Biographical details
- Born: 1955 (age 70–71) Miami, Florida, U.S.

Playing career
- 1974–1976: Florida
- Position: Offensive guard

Administrative career (AD unless noted)
- 1992–1993: Florida (associate AD)
- 1993–2006: Orange Bowl (CEO)
- 2006–2011: UCF

Accomplishments and honors

Awards
- University of Florida Athletic Hall of Fame

= Keith R. Tribble =

Keith R. Tribble (born 1955) was the president and chief executive officer (CEO) of Jackson Health Foundation (JHF) from 2014 to 2020. Since joining JHF, Tribble and his team secured $22m in charitable contributions.

Prior to joining JHF, Tribble was the executive vice president and director of athletics for the University of Central Florida (UCF) where he spearheaded efforts to secure a $15M deal for the construction and operation of both the 45,000 seat Bright House Networks Stadium and the 10,000 seat UCF Arena. He was also instrumental in increasing charitable contributions to the UCF athletic department from $3.75M to a record $7.3M during his tenure. He resigned from his post as UCF's Athletic Director in 2011.

For 13 years, Tribble was CEO of the Orange Bowl, an annual collegiate football game played at Hard Rock Stadium in Miami. During his tenure, Tribble was charged with raising funds to support Orange Bowl programs and initiatives. The Orange Bowl Committee recognized his work by establishing the Keith Tribble Community Service Excellence Award, which honors a South Florida resident who has made a significant impact in their community.
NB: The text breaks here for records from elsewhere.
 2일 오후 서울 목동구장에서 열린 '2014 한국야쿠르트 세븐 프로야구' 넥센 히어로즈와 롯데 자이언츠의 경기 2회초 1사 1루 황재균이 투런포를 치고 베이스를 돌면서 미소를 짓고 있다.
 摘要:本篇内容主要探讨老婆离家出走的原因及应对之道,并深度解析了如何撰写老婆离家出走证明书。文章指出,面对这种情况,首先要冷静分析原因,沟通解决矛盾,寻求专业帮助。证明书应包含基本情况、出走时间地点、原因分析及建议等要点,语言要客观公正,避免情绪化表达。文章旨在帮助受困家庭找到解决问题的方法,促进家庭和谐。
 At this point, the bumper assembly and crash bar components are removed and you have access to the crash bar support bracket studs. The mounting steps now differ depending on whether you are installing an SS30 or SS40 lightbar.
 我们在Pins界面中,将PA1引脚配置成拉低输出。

== Early life and education ==
Tribble was born in Miami, Florida. He attended Miami Killian High School, where he was a high school football player for the Killian Cougars.

Tribble accepted an athletic scholarship to attend the University of Florida in Gainesville, Florida, where he lettered at offensive guard for coach Doug Dickey's Florida Gators football team from 1974 to 1976. During his time as a Gator football player, he played on three bowl teams. Tribble graduated with a Bachelor of Arts degree in journalism in 1977 and was inducted into the University of Florida Athletic Hall of Fame as a "Distinguished Letter Winner" in 2011. Tribble graduated with a Bachelor of Arts degree in journalism in 1977, and was inducted into the University of Florida Athletic Hall of Fame as a "Distinguished Letterwinner" in 2011.
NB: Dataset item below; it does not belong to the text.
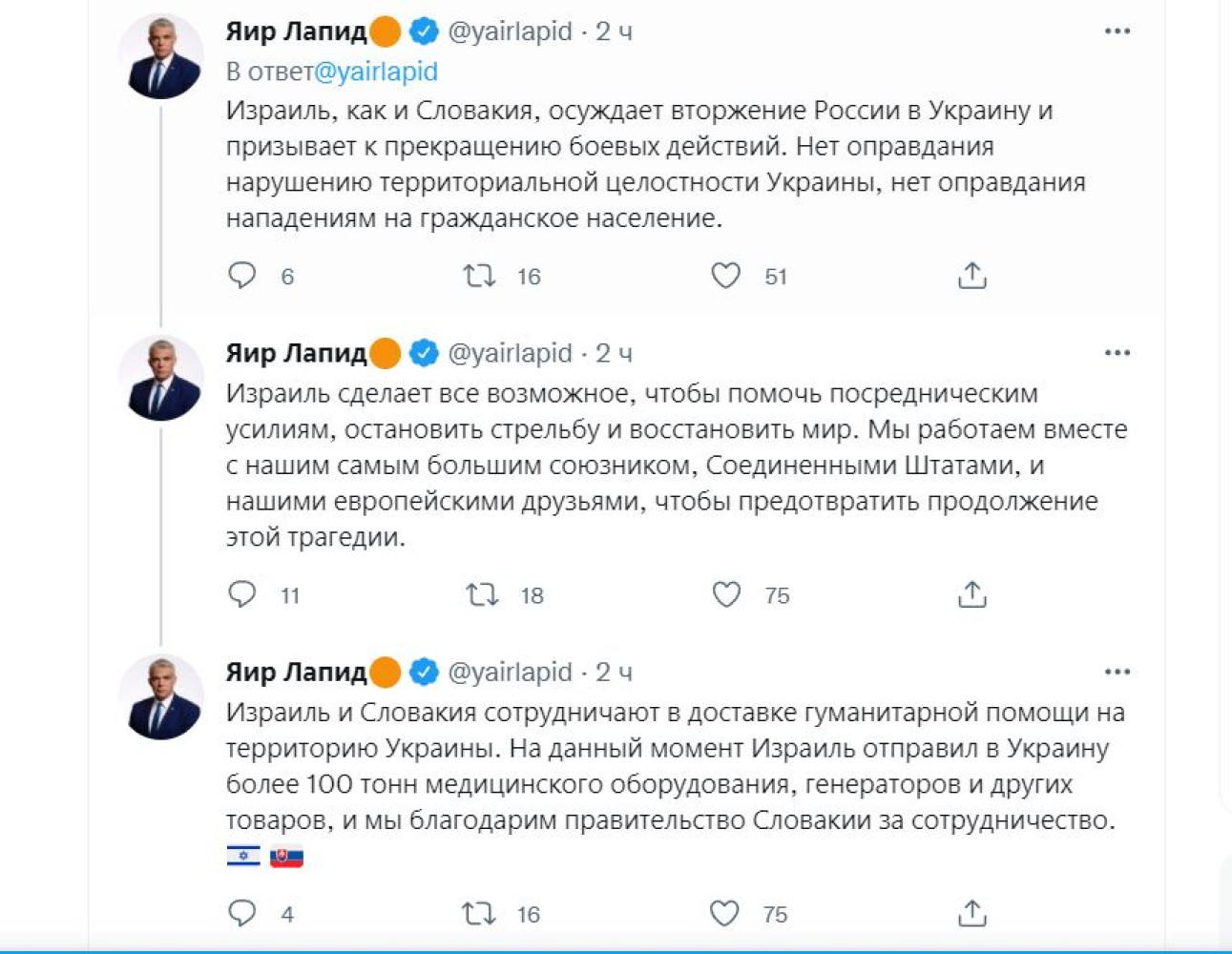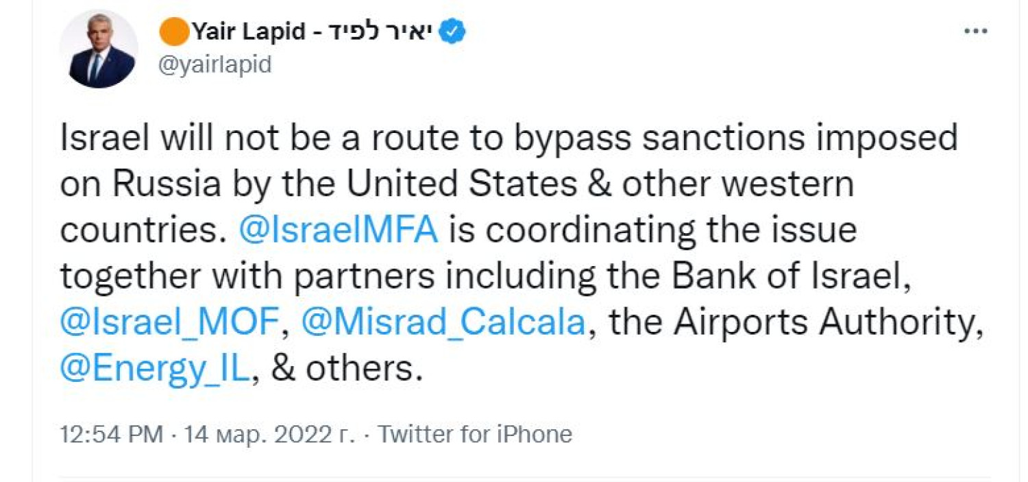 «Эта война должна прекратиться»: Израиль анонсировал возможные санкции против РФМинистр иностранных дел Израиля Яир Лапид заявил, что страна осуждает вторжение России в Украину и призывает к прекращению боевых действий. Как сообщил дипломат на своей странице в Twitter, Израиль не станет путем обхода санкций, наложенных на Россию США и другими странами. «МИД Израиля согласовывает вопросы вместе с партнерами, включая Банк Израиля, министерство финансов, министерство экономики и промышленности, управление аэропортов, министерство энергетики и другие», — написал Лапид. Он подчеркнул, что нарушению территориальной целостности страны и убийствам мирного населения не может быть оправданий.

==Athletic administrator==
Tribble was an associate athletic director at the University of Florida from 1992 to 1993. He became the chief executive officer of the Orange Bowl Committee in 1993, and held that position for thirteen years, including the negotiation of the Bowl Alliance and Bowl Championship Series (BCS) agreements.

In June 2006, he was hired as the athletic director of the UCF Knights. At the time he was hired by the University of Central Florida, Tribble was one of nine African-American athletic directors among the 120 major college athletic programs in the Division I/Football Bowl Subdivision (FBS) of the National Collegiate Athletic Association (NCAA). He was also the executive vice president of the University of Central Florida Athletics Association, the private non-profit corporation that is responsible for the administration and financial management of the UCF Knights athletic programs. As UCF's director of athletics, Tribble oversaw $150 million in improvements to the Knights' athletics facilities, with another $70 million in construction approved and pending.

==Personal==
Tribble is married and has two children.